President Donald Trump gestures as he speaks during an Iftar dinner in the State Dining Room at the White House in Washington, Thursday, March 27, 2025 (Pool via AP).
A federal appeals court in Colorado has rejected an emergency request from the Trump administration seeking to stay a lower court ruling temporarily blocking the federal government from using an 18th-century wartime authority to fast-track the removal of Venezuelan migrants with limited notice and minimal, if any, due process.
A three-judge panel on the U.S. Court of Appeals for the 10th Circuit on Tuesday kept in place a temporary retraining order (TRO) issued on April 22 by U.S. District Judge Charlotte N. Sweeney barring deportations in Colorado under the Alien Enemies Act (AEA).
In a two-page order, the panel reasoned that the administration was not entitled to a stay of the TRO because it did not show that leaving the order in place was “likely” to cause the government to suffer “irreparable harm.”
“The government has not made such a showing in this case,” the panel wrote in the brief two-page opinion. “All members of the class are in federal custody.
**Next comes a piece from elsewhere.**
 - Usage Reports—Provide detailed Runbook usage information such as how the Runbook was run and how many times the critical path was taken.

And given the important unresolved issues under the Alien Enemies Act and the ruling of the United States Supreme Court that no one in that proceeding be removed under the AEA until further order of that Court, there is no realistic possibility that the government could remove any member of the class from this country before final expiration of the TRO on May 6, 2025.”
“Accordingly, the emergency motion for a stay is denied,” the order concluded.
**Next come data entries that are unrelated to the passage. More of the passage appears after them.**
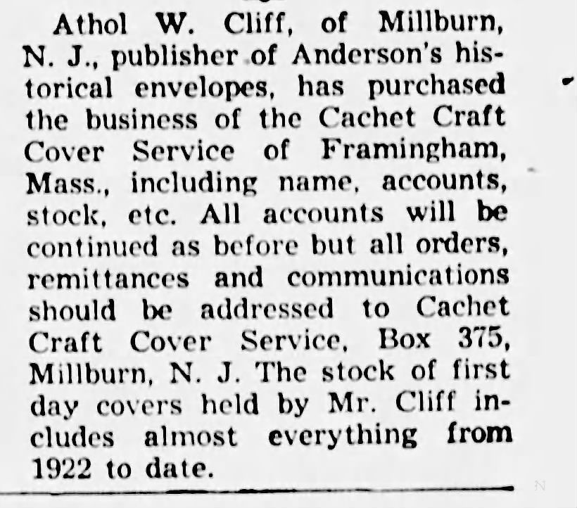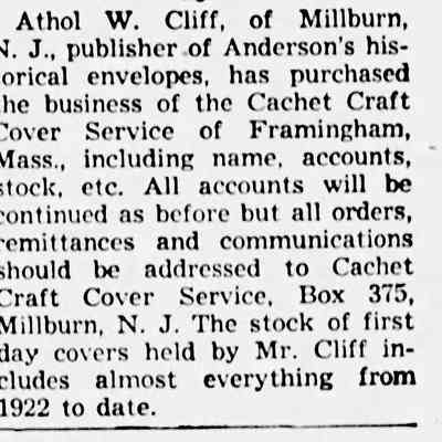 A 1969 first day cover envelope and card from Cachet Craft Cover Service, postmarked from Christmas, FL. From an online history of the business: "Athol and Virginia Cliff of Millburn NJ purchased Cachet Craft Cover Service from Frederick B. Fitts Co. in 1953. In 1971 Unicover Corporation of Cheyenne WY purchased Cachet Craft Cover Service from the Cliffs, and folded the Cachet Craft line into the Fleetwood brand of Cachets, which Unicover had purchased from Milnor and Travilla (Ioor) Peck in 1968, after the death of Travilla in 1967. The Last Cachet issued under the Cachet Craft brand was for Scott #1455, Family Planning, 3/18/72. (Monty et al., First Cachets Revealed, 2006, p. 85)."Acquisition
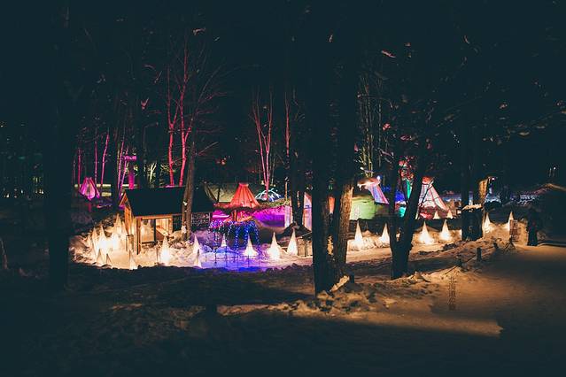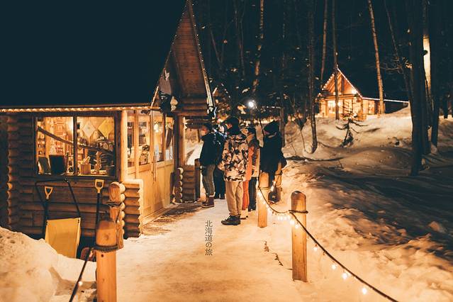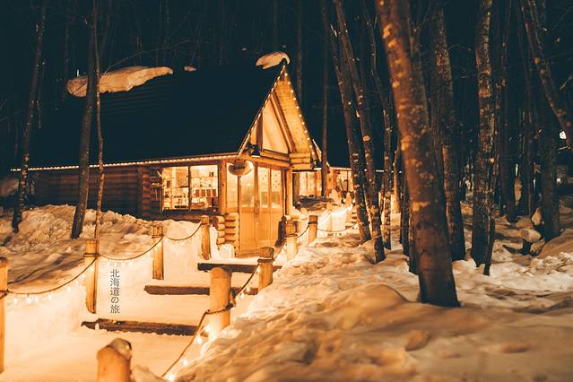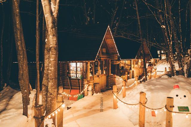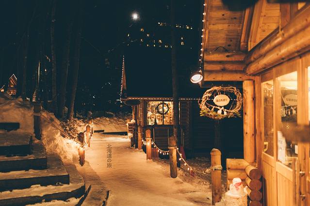 就像之前说的,明明看着在4号车站等车,可是车却进了一号站台,这可是最遥远的距离,不过巴士站的站台都在一条线上,奔过去还是比较容易的,上车把票给司机叔叔看了,确认过后才敢上车,车上很多都是带了装备滑雪的各国友人。到了新富良野王子酒店,就能看到此时灯光闪烁的精灵露台了,真的很有童话王国的感觉
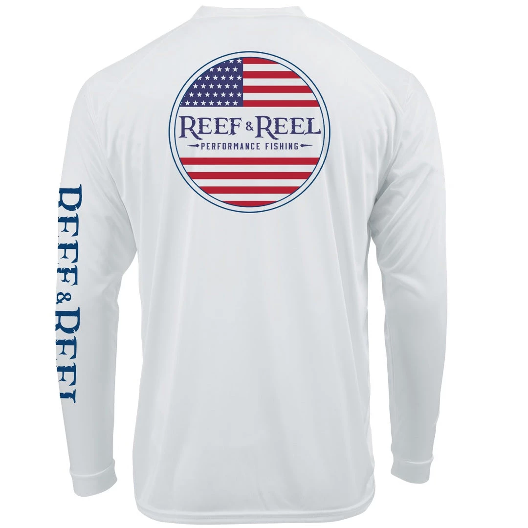Nothing’s more American than the Flag, Apple Pie, and Fishing. Show your pride for this great country with the Reef & Reel Flag Circle shirt! Weather on the sea or in the sand, Reef & Reel will keep you safe and looking good!
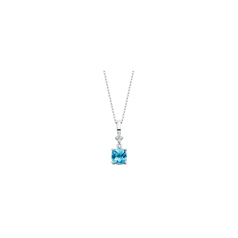 A luscious Blue Topaz cushion cut solitaire pendant is set in 10kt white gold. Completed by an accent of .03tdw of diamonds for extra sparkle.

The wartime measure has been a focal point for litigation since the administration in March sent 137 migrants to a notorious work prison in El Salvador, apparently without due process, despite a court order instructing the government to return the migrants to the United States.
Federal judges in California, New York, Massachusetts, and Texas — in a case that reached the Supreme Court — have also issued court orders temporarily barring the administration from deportations under the AEA.
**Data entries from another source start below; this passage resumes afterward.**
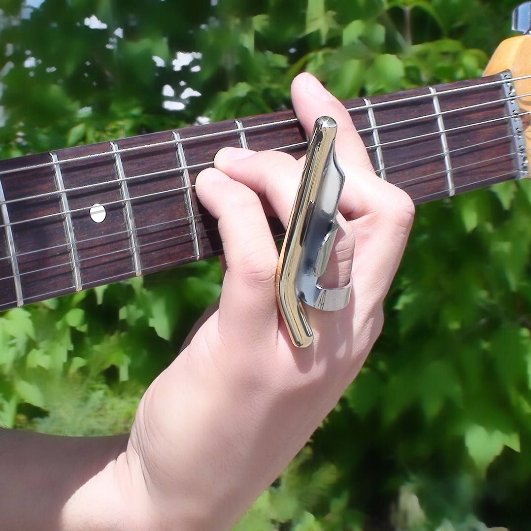 Firma Jetslide daje wyjątkową możliwość wykorzystania techniki slide podczas gry na gitarze, nie utrudniając korzystania z palców podczas gry w tradycyjnym stylu. Jetslide jest przeznaczony głównie do umieszczenia na pierścieniu, gdzie można go bardzo łatwo i szybko obrócić, dzięki czemu masz palec dostępny do zwykłego grania akordów lub solówki. W razie potrzeby ponownie slide można równie łatwo powrócić do pozycji gry.
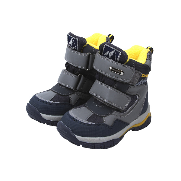Сапоги Pasito сноубутсы зимние утепленные на липучках сине-серые с желтыми вставками
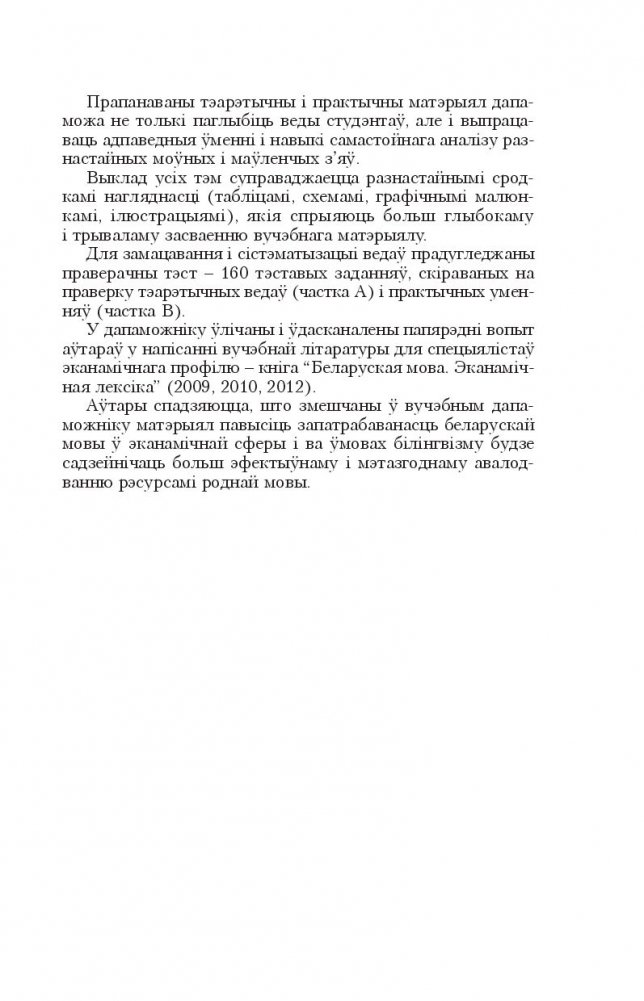 Змяшчае тэарэтычны матэрыял і комплекс практыкаванняў па курсе "Беларуская мова (прафесійная лексіка)" для студэнтаў розных спецыяльнасцей эканамічнага профілю, а таксама тэкставыя заданні і чатыры дадаткі. Асноўная ўвага звернута на прафесійную (спецыяльную) лексіку - асаблівасці вымаўлення, напісання, словаўтварэння, словаўжывання, прыёмы тэрміналагізацыі, уменне адэкватна і мэтазгодна выкарыстоўваць моўныя сродкі ў залежнасці ад камунікатыўнай задачы выказвання. Матэрыялы практыкаванняў маюць эканамічную скіраванасць. Асобна да кожнай тэмы падаюцца творчыя заданні, арыентаваныя на развіццё вуснага і пісьмовага маўлення.
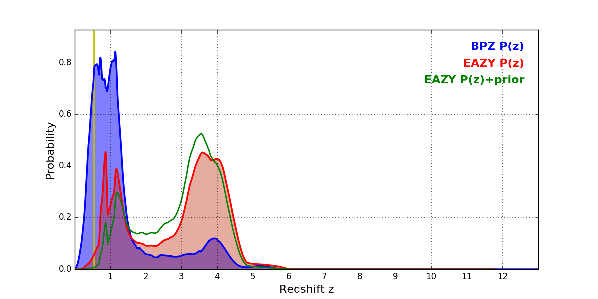 In P(z) plots: Yellow lines mark the cluster redshift z = 0.546,

Sweeney had expressed doubt that Trump invocation of the AEA was constitutional, finding that the president’s March 15 proclamation was divorced from both facts and law.
Citing the original authors of several now-prominent and authoritative dictionaries, texts explaining how language was understood by the Founders, and decades of case law, Sweeney determined that the U.S. is simply not in an actual war with Venezuela or a transnational gang from within its borders, nor was the country experiencing an “invasion or predatory incursion,” as is expressly necessary for invoking the AEA.
“Satisfied with what ‘invasion’ and ‘predatory incursion’ mean, the Court could stop,” Sweeney wrote. “These words, fundamentally, demand military and wartime action. The Proclamation makes no finding that satisfies these definitional demands. Thus, to the extent the Proclamation relies on the Act’s ‘invasion’ and ‘incursion’ provisions to justify its removal powers, it does so improperly.”
Not content to leave the issue of warfare ambiguous, the judge cited recent precedent on the AEA — specifically from the case that led to the U.S. Supreme Court‘s recent guidance that all potential AEA detainees are entitled to due process via petitioning for writs of habeas corpus.
“A central limit to this power is the Act’s conditional clause — that the United States be at war or under invasion or predatory incursion,” the court’s order reads, quoting U.S. Circuit Judge Karen L. Henderson.
The order goes on, at length:
Petitioners’ first argument, proceeds from a straightforward premise. The President’s authority under the Proclamation is “vested” under the Act. The Act demands, as a “statutory requirement,” an “invasion or predatory incursion.” And because the Act’s “text and history” use these terms “to refer to military actions indicative of an actual or impending war” — not “mass illegal migration” or “criminal activities” — the Act cannot sustain the Proclamation. The Court agrees with Petitioners.
Prior to issuing her written order, Sweeney voiced concerns that the government’s resumption of swift and collective deportation flights using the obscure, 18th-century wartime authority was likely to run afoul of due process. The court’s order formalized those concerns by extending an extant temporary restraining order until May 6.
“Petitioners have shown there is a ‘substantial risk that the harm’ of being subject to the Proclamation will arise — despite their current designation as individuals who do not fall under it,” Sweeney wrote. “Should their designation change, the Court has grave concerns that Petitioners would be afforded notice that comports with due process to challenge the determination.”